The incorporation rates of labelled tyrosine, DOPA. tyramine. and dopamine have been inves­tigated during the in vivo formation of the protoberberine alkaloid, jatrorrhizine, in callus cul­tures of Berberis canadensis. While tyrosine was equally well incorporated into both the iso­quinoline (54%) and benzyl (46%) portions of the alkaloid, DOPA was almost exclusively (91%) transformed into the isoquinoline moiety. However, tyramine (25%) and to a lesser extent, dopamine (15%) were incorporated into the aldehyde-derived, benzylic half of the isoquinoline molecule as well. In order to investigate further the precursory roles of these compounds, select enzymes involved in tyrosine metabolism in alkaloid-producing cell cultures have been studied. The occurrence of tyrosine decarboxylase, phenolase, transaminase, p-hydroxyphenylpyruvate decarboxylase, amineoxidase and methionine adenosyl transferase was demonstrated in suspen­sion cells of Berberis. These enzymes were partially purified and a preliminary characterization was performed. In the light of these and previous data, the differential metabolism of tyrosine and DOPA in the early steps of isoquinoline alkaloid biosynthesis is discussed. Conclusive evidence as to the biosynthetic origin of the phenylacetaldehydes which furnish the benzylic moiety of the alkaloids is precluded by the presence of both amineoxidase and phenylpyruvate decarboxylase activities in these cultures.

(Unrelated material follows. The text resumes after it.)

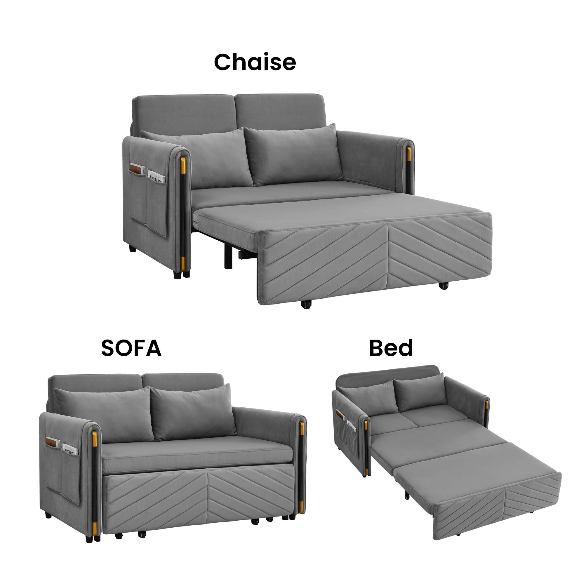 Aukfa Pull Out Sofa Bed, Modern Velvet Convertible Sleeper Sofa Futon Sofa for Home Office, Gray
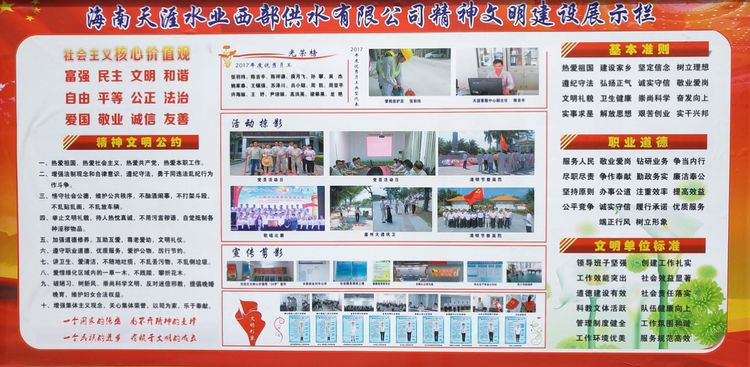 為貫徹落實(shí)市委、市政府的統(tǒng)一部署,深入開(kāi)展助力“創(chuàng)文鞏衛(wèi)”工作,推動(dòng)“勇當(dāng)先鋒、做好表率”專(zhuān)題活動(dòng)與全國(guó)文明城市創(chuàng)建工作融合發(fā)展,引導(dǎo)和帶動(dòng)我司全體干部職工參與社會(huì)文明大行動(dòng),海南天涯水業(yè)(集團(tuán))公司開(kāi)展“文明交通志愿服務(wù)”和“文明衛(wèi)生行動(dòng)”主題活動(dòng)。

The biosynthesis of protoberberine and related isoquinoline alkaloids

The biosynthesis of berberine and hydrastine (in Hydrastis canadensis), corydaline and protopine (in Corydalis solida), and ochotensimine and protopine (in C. ochotensis), has been investigated by the administration of [3-14C]-3′,4′-dihydroxyphenylalanine ([3-14C]DOPA). In all cases, incorporation of label was predominantly into the isoquinoline portion of the alkaloid. The role of DOPA in the early stages of isoquinoline alkaloid biosynthesis in these plants is discussed in the light of this and other relevant data. In addition, the later stages of corydaline biosynthesis have been studied by the administration of [9-methoxy-14C]palmatine and -tetrahydropalmatine to C. solida, and the origin of the exocyclic carbons of ochotensimine further verified by feeding [methyl-14C,3H]methionine to C. ochotensis.